TrainingTestDegradation
Tests if model performance degradation between training and test datasets exceeds a predefined threshold.
Purpose: The ‘TrainingTestDegradation’ class serves as a test to verify that the degradation in performance between the training and test datasets does not exceed a predefined threshold. This test serves as a measure to check the model’s ability to generalize from its training data to unseen test data. It assesses key classification metric scores such as accuracy, precision, recall and f1 score, to verify the model’s robustness and reliability.
Test Mechanism: The code applies several predefined metrics including accuracy, precision, recall and f1 scores to the model’s predictions for both the training and test datasets. It calculates the degradation as the difference between the training score and test score divided by the training score.
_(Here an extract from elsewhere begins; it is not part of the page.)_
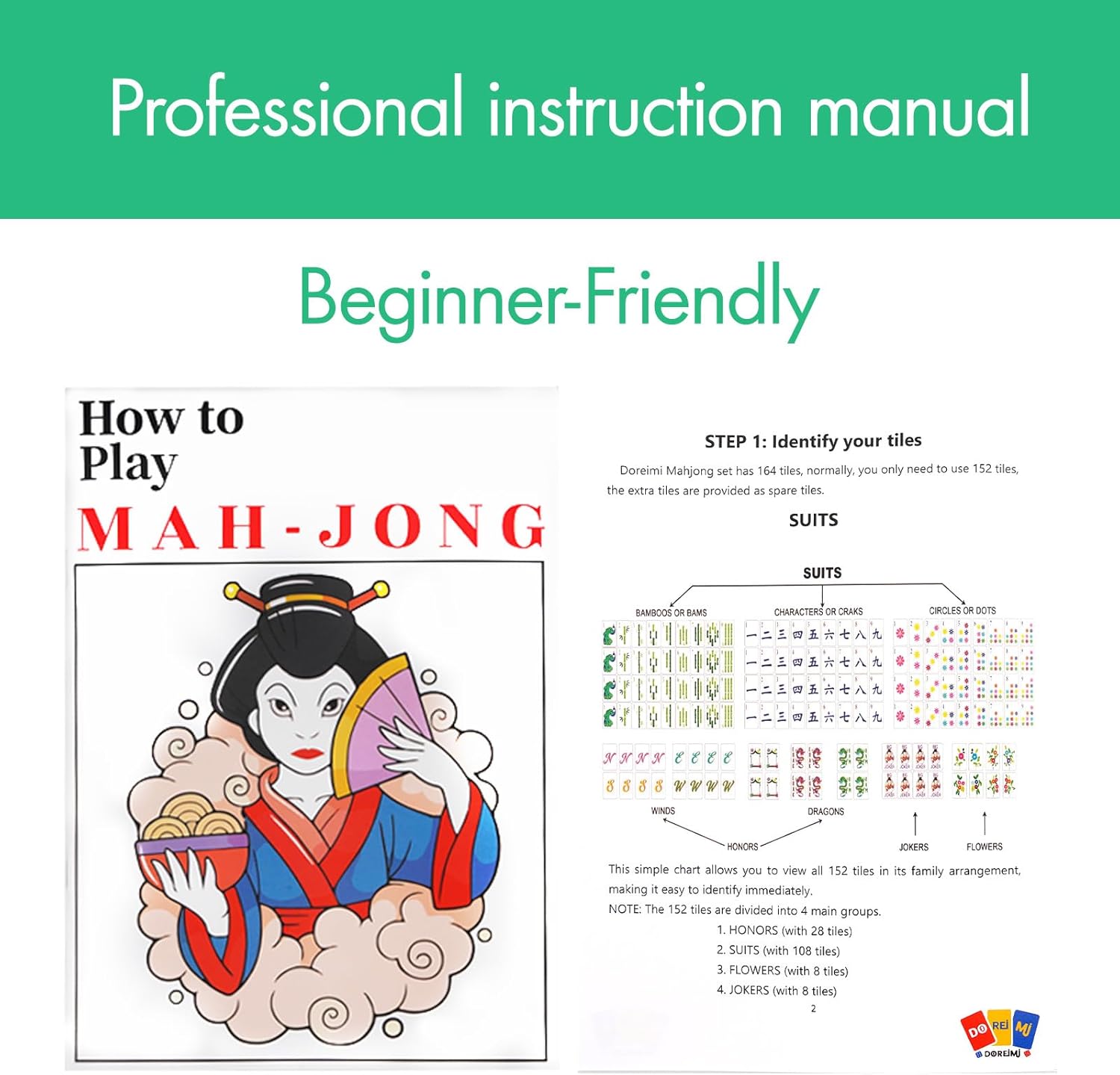 - Unique Design: Our mahjong tiles are different from the traditional American mahjong set, adopting a unique design style, which is more vivid and adds fun.The colorful manual helps you quickly grasp the rules, it's very friendly for beginners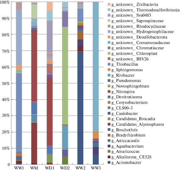 Рис. S4. Гистограмма, отражающая филогенетический состав (уровень рода) по результатам профилирования по гену 16S рРНК микробных сообществ, приуроченных к пресноводным скважинам (WW1-WW3, WM, WD1-WD2)

The test is considered successful if the degradation for each metric is less than the preset maximum threshold of 10%. The results are summarized in a table showing each metric’s train score, test score, degradation percentage, and pass/fail status.
Signs of High Risk: - A degradation percentage that exceeds the maximum allowed threshold of 10% for any of the evaluated metrics. - A high difference or gap between the metric scores on the training and the test datasets. - The ‘Pass/Fail’ column displaying ‘Fail’ for any of the evaluated metrics.
Strengths: - This test provides a quantitative measure of the model’s ability to generalize to unseen data, which is key for predicting its practical real-world performance. - By evaluating multiple metrics, it takes into account different facets of model performance and enables a more holistic evaluation. - The use of a variable predefined threshold allows the flexibility to adjust the acceptability criteria for different scenarios.
Limitations: - The test compares raw performance on training and test data, but does not factor in the nature of the data. Areas with less representation in the training set, for instance, might still perform poorly on unseen data. - It requires good coverage and balance in the test and training datasets to produce reliable results, which may not always be available. - The test is currently only designed for classification tasks.